Graph 2. Estimates of employed, unemployed and persons outside the labour force in Greece. Source: Elstat. 

 

Which brings us to question B. Maybe wages are, despite considerable slack on the labor market, rising rapidly because of insider-outsider effects or whatever, meaning that they do contribute to the sudden increase of inflation. No. Graph 3 shows that nominal wages are, after a piecemeal increase in the actually going down and are still a lot lower than in 2010. Inflation is going up despite lower wages. It has to go down, of course. But investing in food and energy bottlenecks, seems the way ahead. Crushing the economy will only prolongue this bout of inflation as it will postpone badly needed investments in solar, wind, natural gas (replacing coal by natural gas is a wise thing to do, in the short and medium run), insulation (the future is hot) and irrigation.
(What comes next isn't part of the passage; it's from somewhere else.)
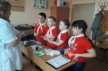 Отряд ЮИД 3А класса пилотной 1 школы г.Азнакаево принял участие на 1-2 станциях (ПДД и медицина) муниципального этапа республиканского конкурса "Безопасное колесо".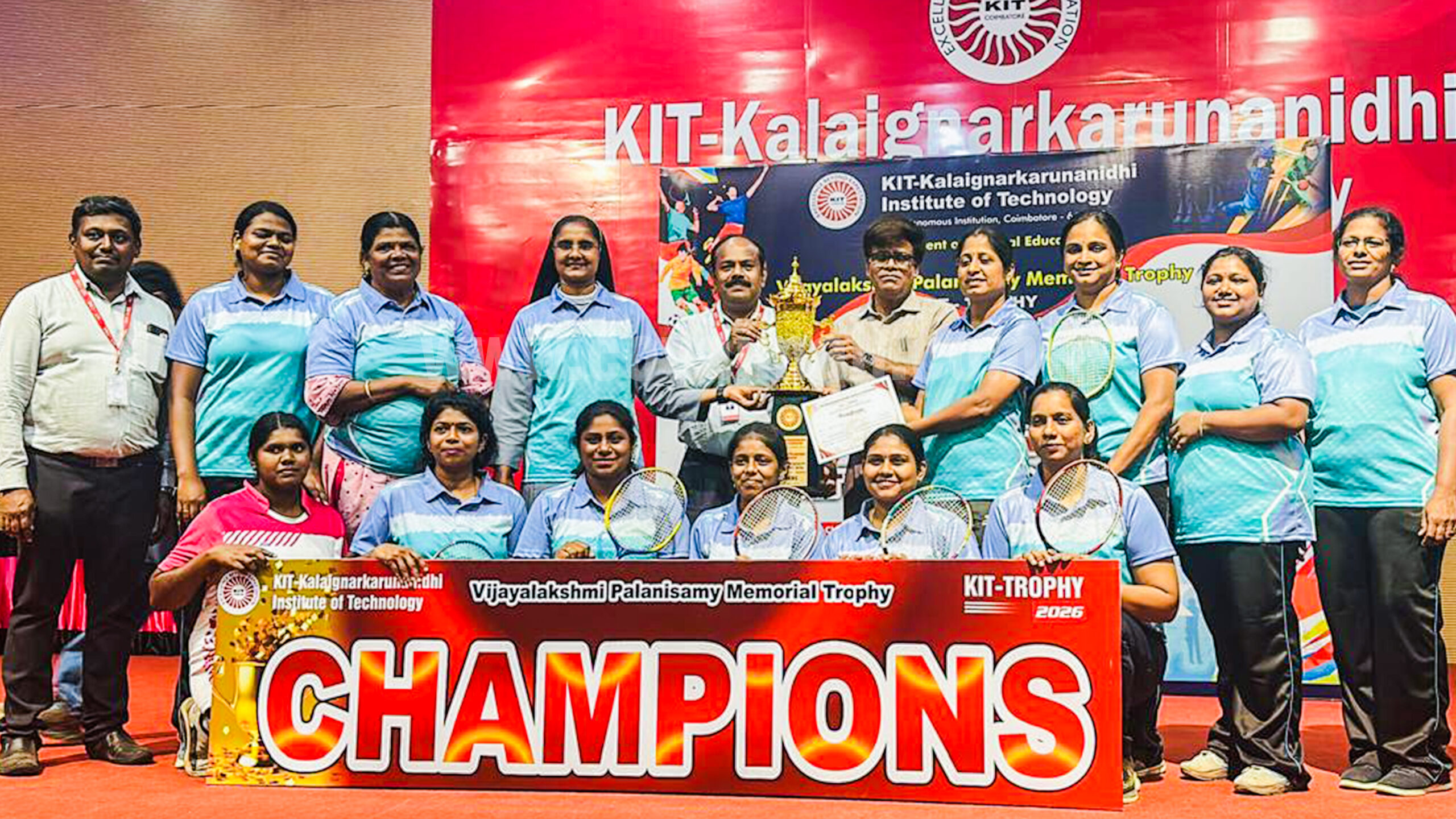 The Staff Ball Badminton Team of Nirmala College for Women participated in the KIT Trophy – State Level Faculty Sports Meet 2026, held at Kalaignar Karunanidhi Institute of Technology recently. The team secured first place and lifted the Vijayalakshmi Palanisamy Memorial Trophy.

This time, we can lower inflation by a targeted increase of spending, not by decreasing it or by increasing already double digit unemployment (note: youth unemployment is the EU is already on the rise, again). I admit: interest rates were ridiculously low. But this is the wrong time to increase them. Aside: this idea that interest rates have been remarkably low and other macro economic policies should have been pursued is shared by progressive people like Varoufakis (in 2016 already) and Mason, even when Mason shows that low rates did contribute a lot to a decline of indebtedness in the USA. But that’s the point. the Central Bank interest rate is one of the most important prices in the economy – but it might not always be the best tool for macro managing the economy. Now, it surely isn’t.

Graph 3. Nominal labour costs in Greece, Industry, construction and services. Source: Eurostat.